§ **What this task involves**
All of the data below should come back exactly as written, minus its images.
Information supplied START
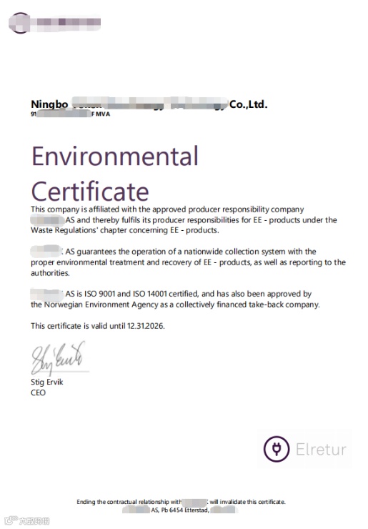 根据法规要求,所有在挪威市场投放电子电气设备的生产者,必须加入经挪威环保局(Miljødirektoratet)认可的生产者责任组织(PRO),履行收集、处理、回收及环境无害化处置义务。
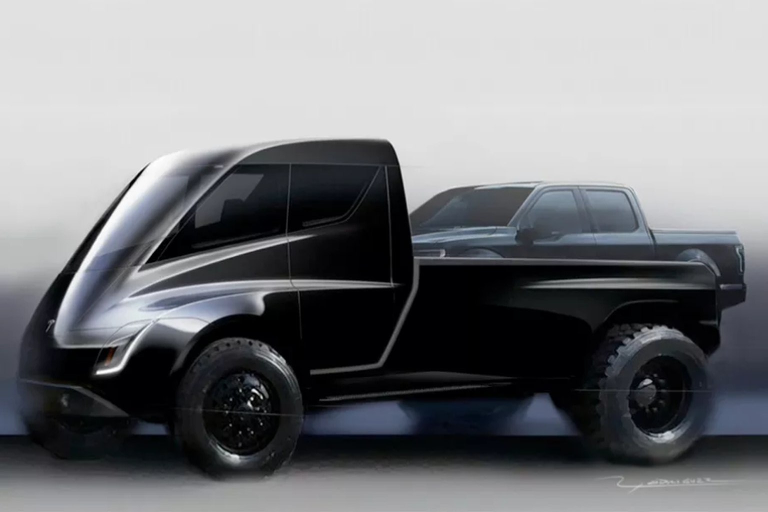 Ein frühe Konzeptzeichnung, die Tesla bei der Präsentation des Tesla Trucks gezeigt hatte.
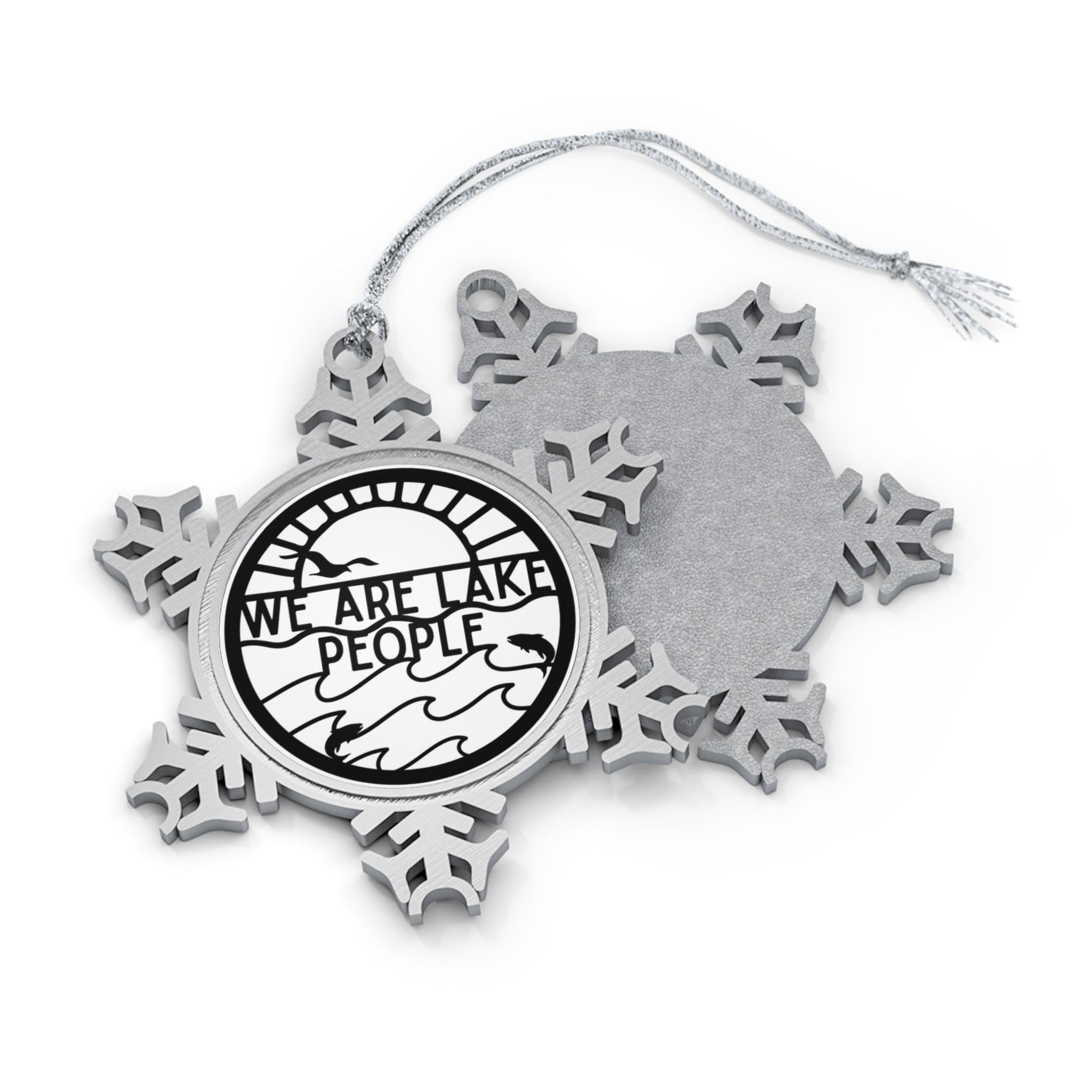 Snowflake Ornament, Lake Decor Pewter Snowflake Christmas Tree Hanging Decoration, Winter Holiday Gift, Rustic Lodge Cabin Decor, Lake House
Information supplied END
§ **Response to the exercise**
 根据法规要求,所有在挪威市场投放电子电气设备的生产者,必须加入经挪威环保局(Miljødirektoratet)认可的生产者责任组织(PRO),履行收集、处理、回收及环境无害化处置义务。
 Ein frühe Konzeptzeichnung, die Tesla bei der Präsentation des Tesla Trucks gezeigt hatte.
 Snowflake Ornament, Lake Decor Pewter Snowflake Christmas Tree Hanging Decoration, Winter Holiday Gift, Rustic Lodge Cabin Decor, Lake House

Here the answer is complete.